Just finished an amazing book by Peter Bernstein, Capital Ideas Evolving. It profiles how "Capital Ideas" - EMH theory, CAPM and Mean-Variance analysis has evolved over the past 2 decade and have become a mainstay in finance.

What amazes me is that the very people who are pushing the boundaries of Capital Ideas and formulating new ways to explain the market and punch holes in the original Capial Ideas are the same pioneers. Can you imagine winning a noble prize for some work that you've done and then 20 years later invalidate those work that you've spent half your life working on? This is real creative destruction at work.
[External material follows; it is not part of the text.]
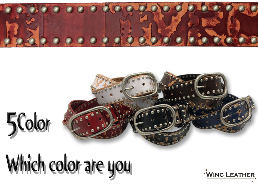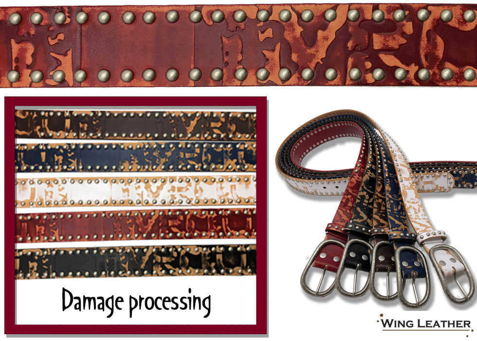 ペーパーでダメージ加工しサイドは玉カシメを打ちカジュアルに仕上げてます。

There are many interesting ideas that he posted, but a recurring theme to me is that the search for Alpha - excess risk adjusted returns, is elusive. And that after fee excess returns is even harder to come by, due to the intense investments in technology and human capital.

Also RISK should not be defined as a number, but as different scenarios. The chapter on William Sharpe, of the famous Sharpe ratio, will change the way you think about risk.

Lastly, we cannot control returns, but we can control risk and fees. Minimize fees and set your own risk tolerance level (however you defines it). And the return take care of itself.